For both health and taste reasons, organic teas are among the very best. For centuries, of course, China has and remains basically a country that grows its teas organically. The reason is hardly idealistic, but rather because the farmers there operate small tea farms, cannot afford pesticides, and it's rarely cost effective. For the larger tea producing farms, there are still few that employ pesticides but, sadly, that number is growing. It is the hope of those who fervently champion organic farming that they can influence China that quantity is no substitute for the quality of teas grown organically and naturally. Ceylon has long been a good source for many organically grown teas, and a growing number of sources in India have successfully grown teas without pesticides, especially when the farmers now realize the long-term effects to workers and their families.

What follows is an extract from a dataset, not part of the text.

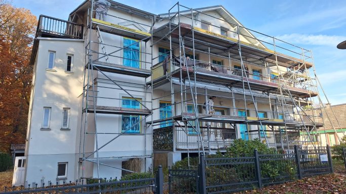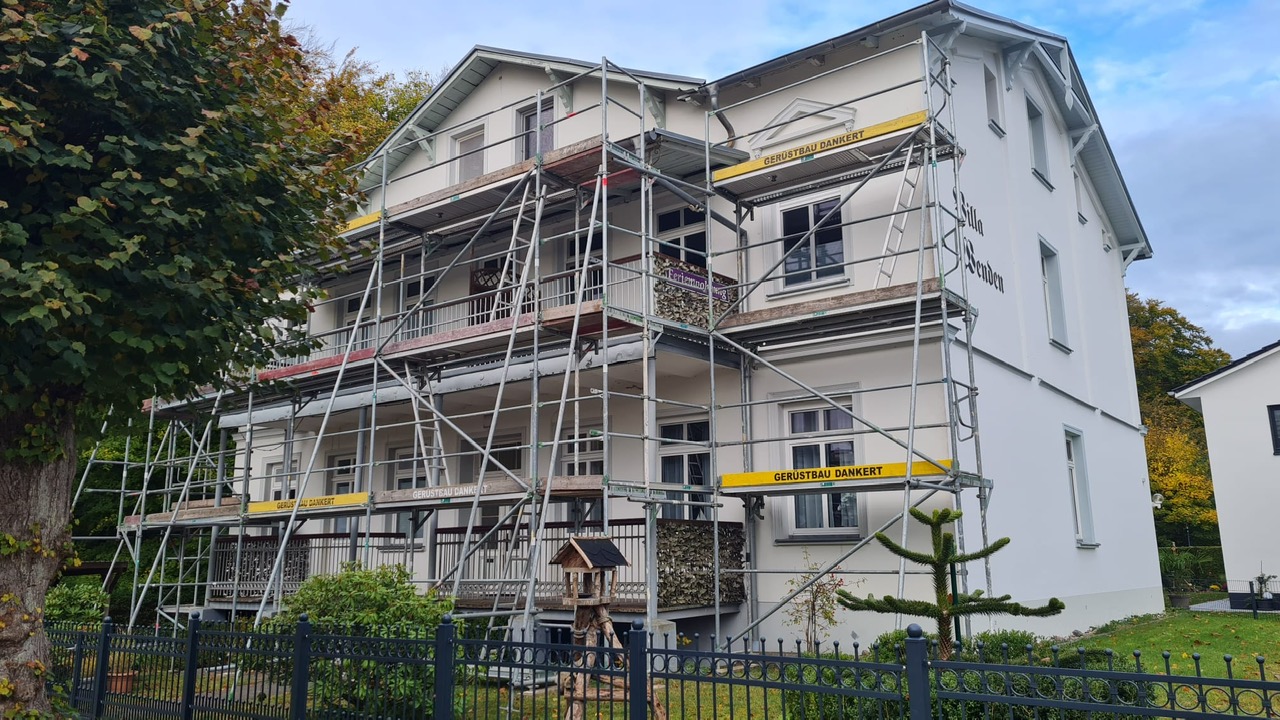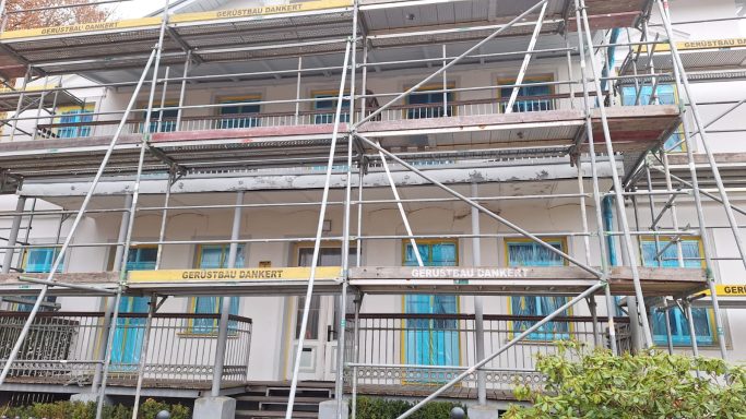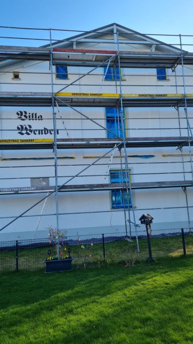 Im November 2025 begann die Sanierung der Hausvorderseite. Leider spielte das Wetter nicht ganz mit und ein Teil der Arbeiten wurde nicht geschafft. Der Neuanstrich der Haustür und die Überarbeitung der Veranda (Balkone und Gestell) wird im frühen Frühjahr nachgeholt, so dass mit Saisonstart auch diese Arbeiten abgeschlossen sind.

Look for these ratings on your next purchase of organic teas: the top rating s Certified 100% organic; certified organic with lower figures, from 75 to 95% or the rather ambiguous "made with organic ingredients."

If you feel strongly that the food and beverages you use should be healthful to you, support this trend. Also, be aware that certification is a costly process and, as a result, some brands will label themselves organic although they are not certified by a qualifying agency. The top one in this country is QAI, Quality Assurance International. The Fair Trade Act designation on many labels indicates that the farmers manage the workers in ways that are fair and equitable.

Finally, enjoying a great cup of tea at restaurants other than tearooms, is increasingly possible. Several years ago, a tea sommelier was the hottest news around, now it's still news but increasingly fine hotels and restaurants are recognizing that paying attention to quality and service is as important for tea as it is in wine. Everyone from techno rocker Moby to savvy Japanese investors are getting into the act. Moby opened a sleek brightly colored veggie café with ninety choices of high-quality teas, and Kai is the essence of minimalist Japanese design that features superb hot teas and its signature Ito En bottled Japanese teas. Both these places, in Manhattan, signal a welcome trend where stylish, modern décor is matched by superb menus and outstanding teas.

Ito En bottled teas are part of a welcome departure from the overly sweetened, processed powdered instant teas and overly brewed bottled teas of just a few years ago. Now, the consumer has more than twenty choices of both imported and domestic brands that marry both the convenience of bottled teas-on-the-go with high-quality true tea taste. Even your correspondent, a diehard anti-bottled, anti ice tea person has come 'round to enjoy them!

Much of this change in eateries serving better quality tea is due to better and more quality tea being imported, clever marketing, and more access for education and products to more customers through the use of dedicated tea web sites online. However, you the consumer are to be congratulated for helping to make this change a part of the new world of tea. By insisting that the quality of tea you drink should be equal to or better than the quality of the food served, you have helped the industry make restaurateurs and chefs aware that fine tea is an important ingredient to a successful menu. Thank you!